_What the task requires_:
Exactly as they appear below, repeat the lines from the one with "The reliability of" through the one with "2024年7月23日,工人在". Drop every picture.

_The data_:

= Beginning of Section =

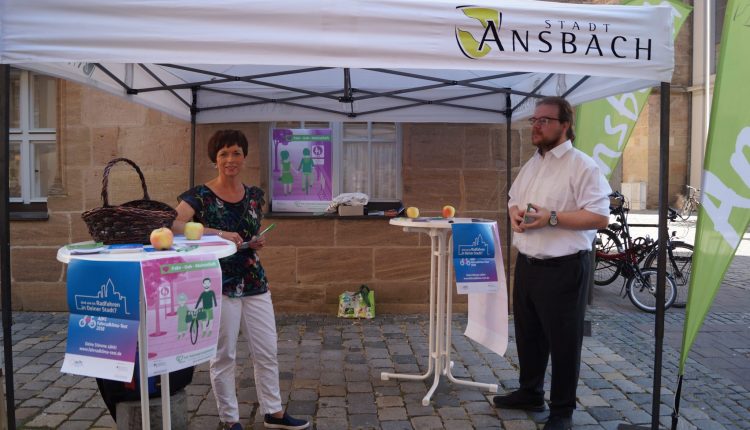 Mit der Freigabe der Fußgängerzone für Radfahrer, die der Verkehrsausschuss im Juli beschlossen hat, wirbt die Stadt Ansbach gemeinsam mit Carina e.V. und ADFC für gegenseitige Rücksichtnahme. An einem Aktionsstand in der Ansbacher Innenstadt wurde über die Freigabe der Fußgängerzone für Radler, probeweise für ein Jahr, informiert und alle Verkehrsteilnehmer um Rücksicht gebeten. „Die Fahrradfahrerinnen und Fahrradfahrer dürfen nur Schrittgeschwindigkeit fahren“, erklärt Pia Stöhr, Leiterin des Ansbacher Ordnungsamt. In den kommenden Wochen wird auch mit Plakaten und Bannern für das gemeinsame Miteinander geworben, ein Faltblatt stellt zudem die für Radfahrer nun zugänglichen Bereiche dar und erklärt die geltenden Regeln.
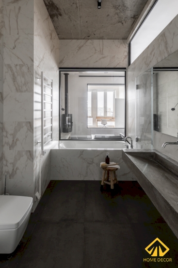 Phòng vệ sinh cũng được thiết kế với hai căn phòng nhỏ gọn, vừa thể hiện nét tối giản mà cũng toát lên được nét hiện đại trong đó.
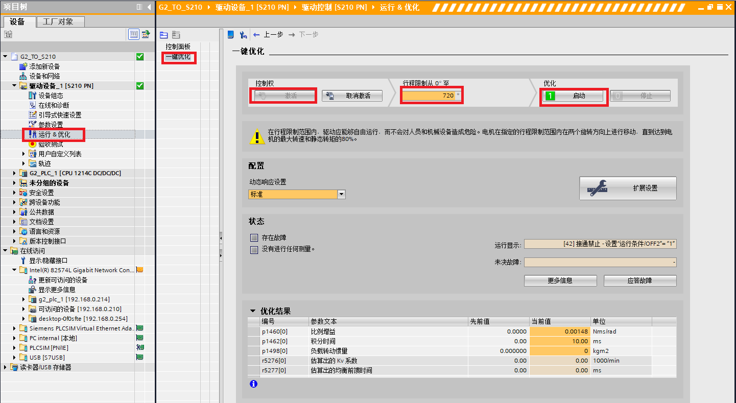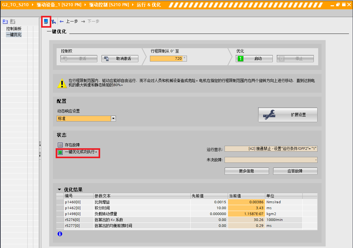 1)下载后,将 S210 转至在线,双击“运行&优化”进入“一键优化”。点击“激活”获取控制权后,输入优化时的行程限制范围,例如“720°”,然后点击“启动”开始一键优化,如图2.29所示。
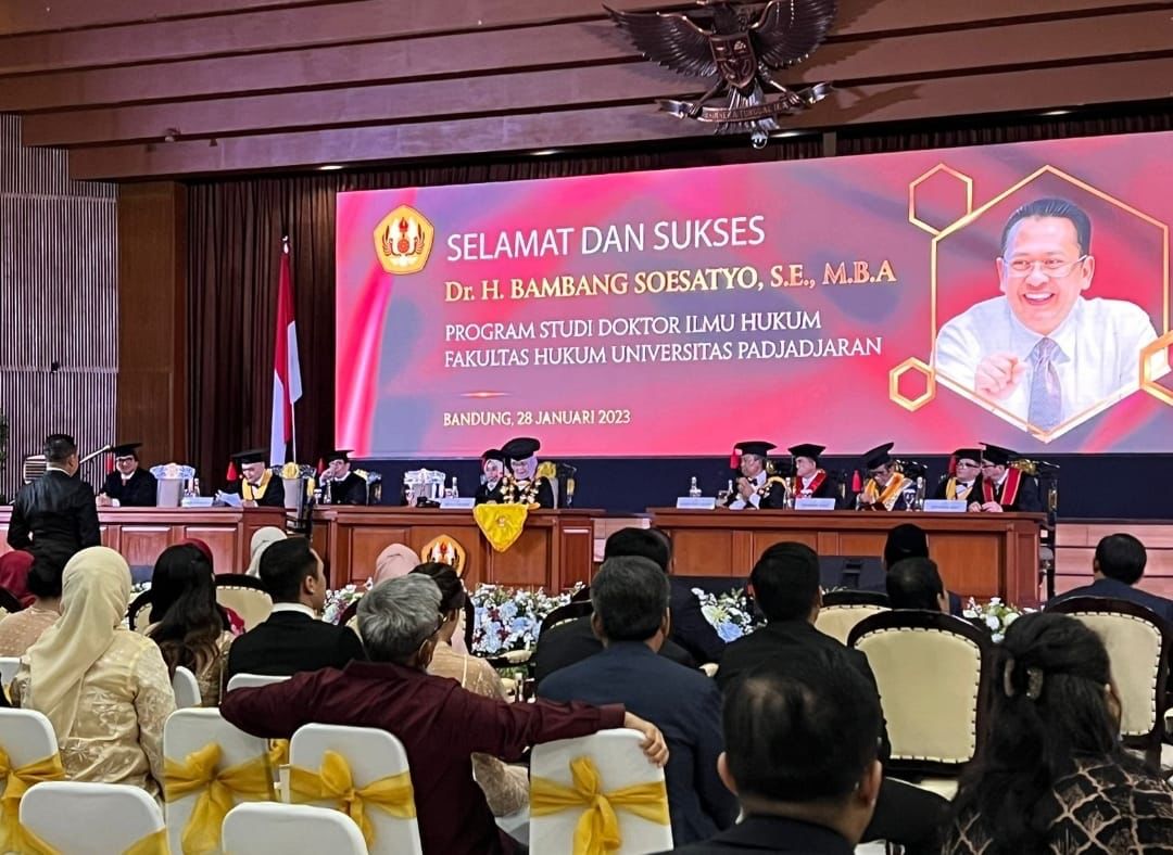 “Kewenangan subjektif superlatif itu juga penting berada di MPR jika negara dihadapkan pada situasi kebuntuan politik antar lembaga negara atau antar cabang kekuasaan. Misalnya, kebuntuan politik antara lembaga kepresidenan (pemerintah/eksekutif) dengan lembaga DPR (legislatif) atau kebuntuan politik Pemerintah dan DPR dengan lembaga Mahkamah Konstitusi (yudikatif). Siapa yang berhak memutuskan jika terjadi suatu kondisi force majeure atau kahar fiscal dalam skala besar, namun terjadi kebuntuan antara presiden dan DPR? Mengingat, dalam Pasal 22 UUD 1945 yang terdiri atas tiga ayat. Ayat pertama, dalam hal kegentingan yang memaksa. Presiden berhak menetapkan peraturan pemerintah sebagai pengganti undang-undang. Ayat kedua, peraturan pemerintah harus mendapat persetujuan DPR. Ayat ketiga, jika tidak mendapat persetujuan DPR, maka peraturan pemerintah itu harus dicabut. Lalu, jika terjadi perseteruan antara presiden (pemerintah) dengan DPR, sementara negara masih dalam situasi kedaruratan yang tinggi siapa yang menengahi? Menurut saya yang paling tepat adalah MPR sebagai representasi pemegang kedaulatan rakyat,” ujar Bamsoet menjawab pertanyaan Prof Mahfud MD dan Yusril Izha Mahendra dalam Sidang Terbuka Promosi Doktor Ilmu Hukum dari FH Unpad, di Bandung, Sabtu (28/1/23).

= End of Section =
= Beginning of Section =

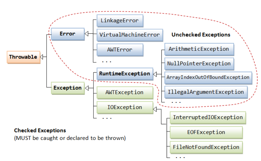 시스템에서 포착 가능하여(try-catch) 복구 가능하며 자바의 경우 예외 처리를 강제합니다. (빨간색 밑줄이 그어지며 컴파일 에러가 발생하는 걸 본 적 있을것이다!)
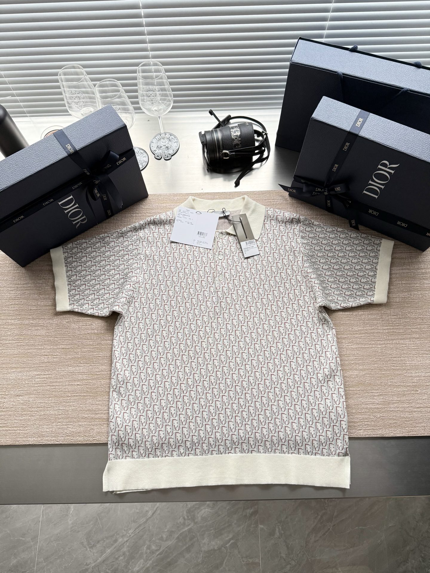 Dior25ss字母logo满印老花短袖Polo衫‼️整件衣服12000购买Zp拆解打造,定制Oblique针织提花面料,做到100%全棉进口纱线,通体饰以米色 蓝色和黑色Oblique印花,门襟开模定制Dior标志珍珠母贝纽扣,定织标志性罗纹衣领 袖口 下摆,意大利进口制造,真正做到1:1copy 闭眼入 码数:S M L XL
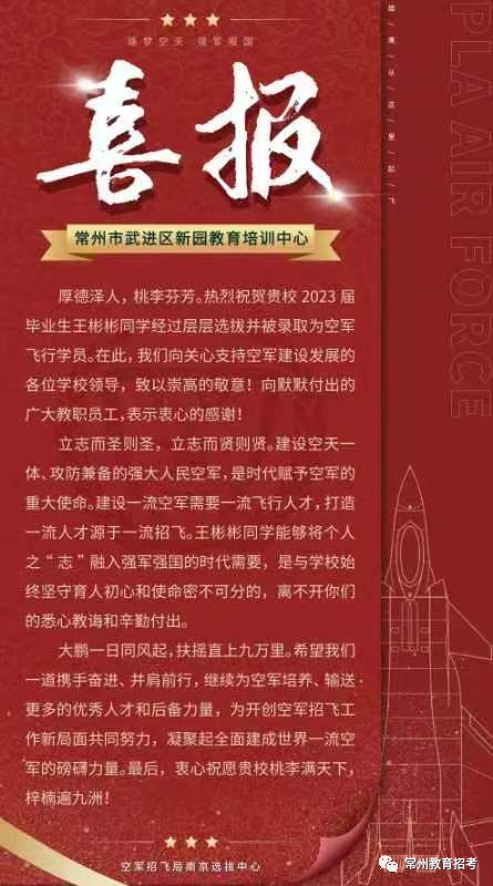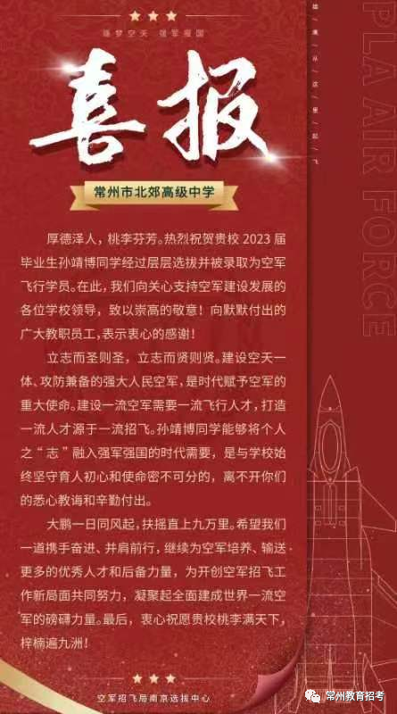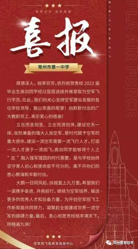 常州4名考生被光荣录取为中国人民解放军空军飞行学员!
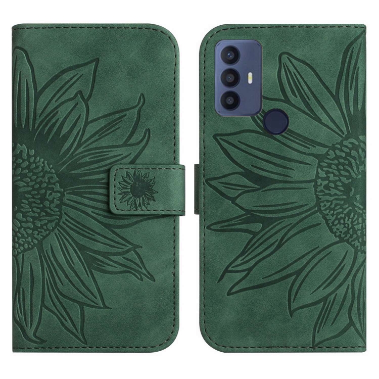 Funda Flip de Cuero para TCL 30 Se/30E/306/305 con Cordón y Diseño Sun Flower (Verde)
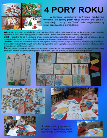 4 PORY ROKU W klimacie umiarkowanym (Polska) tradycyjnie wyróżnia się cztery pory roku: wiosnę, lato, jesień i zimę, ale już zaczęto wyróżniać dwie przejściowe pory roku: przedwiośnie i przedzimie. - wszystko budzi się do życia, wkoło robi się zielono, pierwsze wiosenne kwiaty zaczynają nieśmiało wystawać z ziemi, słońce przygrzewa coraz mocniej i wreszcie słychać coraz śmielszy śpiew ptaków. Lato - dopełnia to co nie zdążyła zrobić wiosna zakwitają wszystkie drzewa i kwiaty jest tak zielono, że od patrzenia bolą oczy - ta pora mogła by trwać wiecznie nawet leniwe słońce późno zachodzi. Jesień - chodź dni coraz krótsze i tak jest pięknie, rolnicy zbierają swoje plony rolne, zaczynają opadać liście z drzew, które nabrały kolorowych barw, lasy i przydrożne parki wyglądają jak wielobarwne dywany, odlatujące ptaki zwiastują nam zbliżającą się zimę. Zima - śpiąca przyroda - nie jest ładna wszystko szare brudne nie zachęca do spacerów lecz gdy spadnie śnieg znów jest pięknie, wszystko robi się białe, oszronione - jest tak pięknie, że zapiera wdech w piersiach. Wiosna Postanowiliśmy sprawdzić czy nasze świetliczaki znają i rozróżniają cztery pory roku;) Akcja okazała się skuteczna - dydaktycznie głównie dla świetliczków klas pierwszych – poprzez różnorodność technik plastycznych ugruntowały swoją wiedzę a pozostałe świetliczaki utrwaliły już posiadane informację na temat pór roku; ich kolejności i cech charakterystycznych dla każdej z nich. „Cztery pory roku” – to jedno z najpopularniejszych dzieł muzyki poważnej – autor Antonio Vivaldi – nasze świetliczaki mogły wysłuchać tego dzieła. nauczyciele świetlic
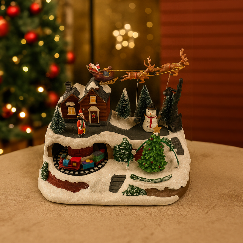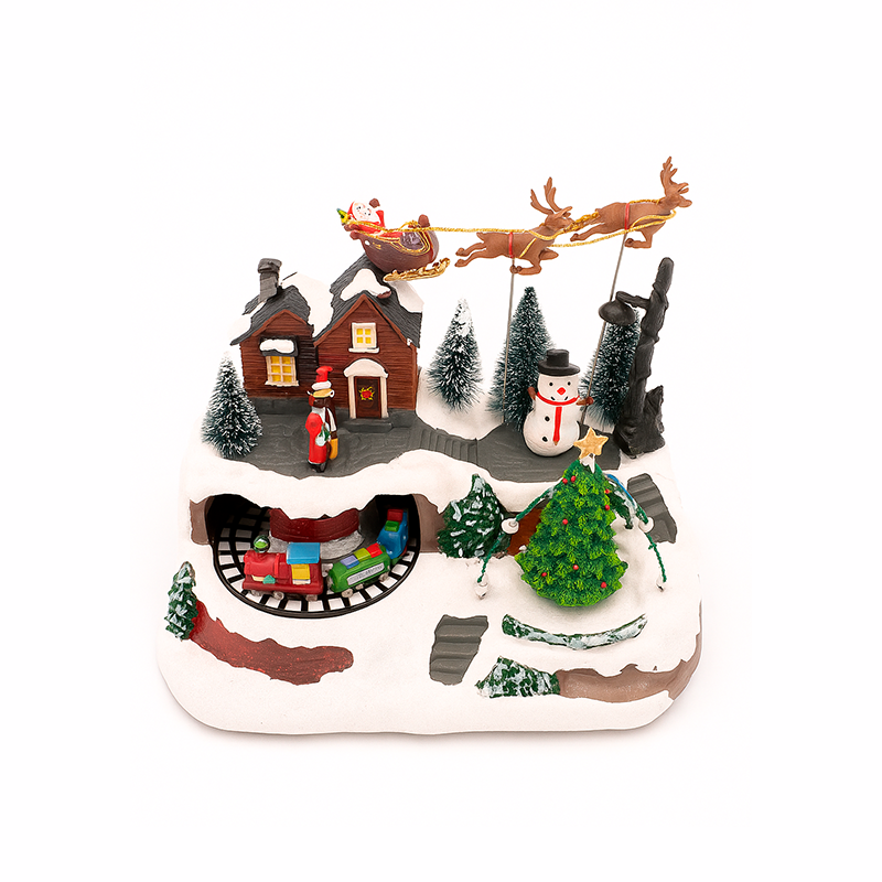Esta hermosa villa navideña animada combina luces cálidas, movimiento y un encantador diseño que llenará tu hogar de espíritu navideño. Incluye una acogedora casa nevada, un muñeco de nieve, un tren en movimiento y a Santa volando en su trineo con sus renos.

= End of Section =
= Beginning of Section =

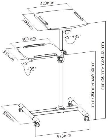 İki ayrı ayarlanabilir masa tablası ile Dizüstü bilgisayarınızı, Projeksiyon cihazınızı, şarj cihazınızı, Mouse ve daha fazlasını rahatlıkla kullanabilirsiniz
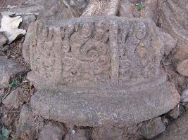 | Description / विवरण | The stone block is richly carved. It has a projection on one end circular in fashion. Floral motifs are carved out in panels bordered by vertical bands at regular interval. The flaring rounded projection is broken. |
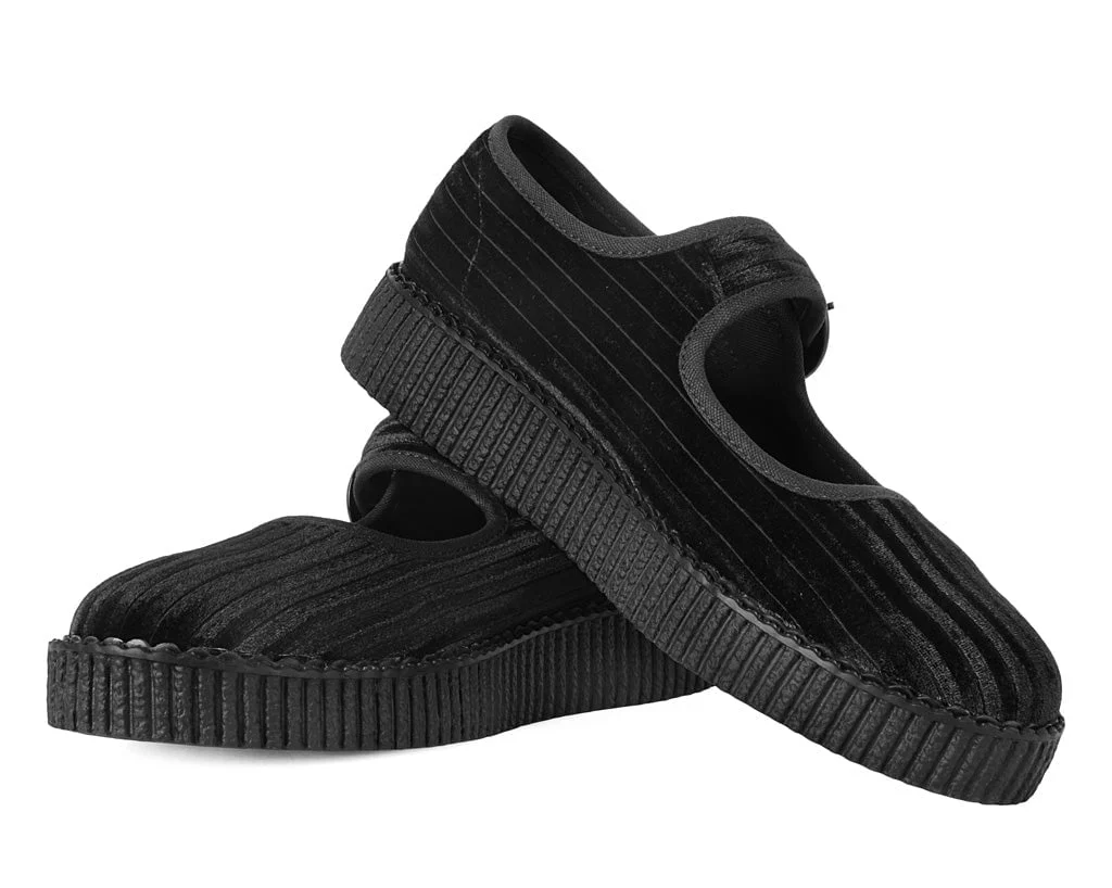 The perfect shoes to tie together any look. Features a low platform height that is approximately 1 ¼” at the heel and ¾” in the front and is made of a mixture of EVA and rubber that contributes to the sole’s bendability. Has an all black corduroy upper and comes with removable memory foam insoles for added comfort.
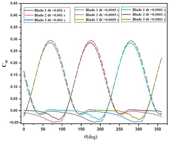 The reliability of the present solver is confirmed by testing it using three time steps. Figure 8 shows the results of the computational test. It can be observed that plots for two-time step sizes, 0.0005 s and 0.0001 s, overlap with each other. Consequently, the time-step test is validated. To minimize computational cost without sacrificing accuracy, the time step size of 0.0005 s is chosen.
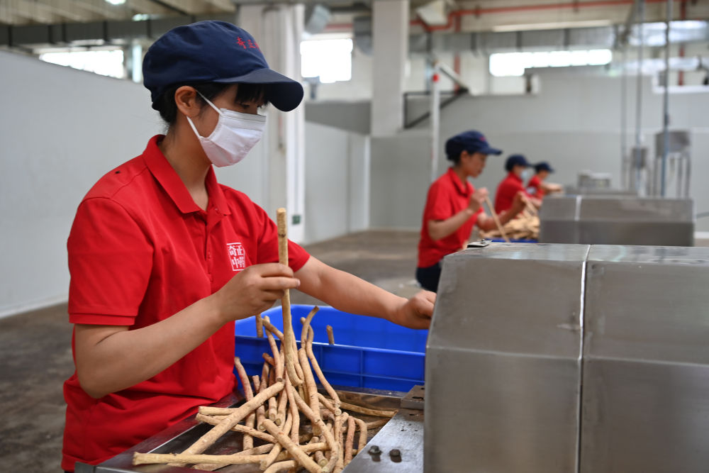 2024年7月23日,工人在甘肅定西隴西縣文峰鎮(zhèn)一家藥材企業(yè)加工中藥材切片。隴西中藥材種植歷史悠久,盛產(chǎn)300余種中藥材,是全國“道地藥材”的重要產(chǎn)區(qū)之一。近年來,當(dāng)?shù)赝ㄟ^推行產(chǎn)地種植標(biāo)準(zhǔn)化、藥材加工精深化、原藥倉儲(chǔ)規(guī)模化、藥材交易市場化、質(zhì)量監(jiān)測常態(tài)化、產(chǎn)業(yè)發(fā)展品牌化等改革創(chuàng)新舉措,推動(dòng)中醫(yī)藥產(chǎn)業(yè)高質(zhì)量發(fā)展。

= End of Section =

_Exercise answer_:
 The reliability of the present solver is confirmed by testing it using three time steps. Figure 8 shows the results of the computational test. It can be observed that plots for two-time step sizes, 0.0005 s and 0.0001 s, overlap with each other. Consequently, the time-step test is validated. To minimize computational cost without sacrificing accuracy, the time step size of 0.0005 s is chosen.
 2024年7月23日,工人在甘肅定西隴西縣文峰鎮(zhèn)一家藥材企業(yè)加工中藥材切片。隴西中藥材種植歷史悠久,盛產(chǎn)300余種中藥材,是全國“道地藥材”的重要產(chǎn)區(qū)之一。近年來,當(dāng)?shù)赝ㄟ^推行產(chǎn)地種植標(biāo)準(zhǔn)化、藥材加工精深化、原藥倉儲(chǔ)規(guī)模化、藥材交易市場化、質(zhì)量監(jiān)測常態(tài)化、產(chǎn)業(yè)發(fā)展品牌化等改革創(chuàng)新舉措,推動(dòng)中醫(yī)藥產(chǎn)業(yè)高質(zhì)量發(fā)展。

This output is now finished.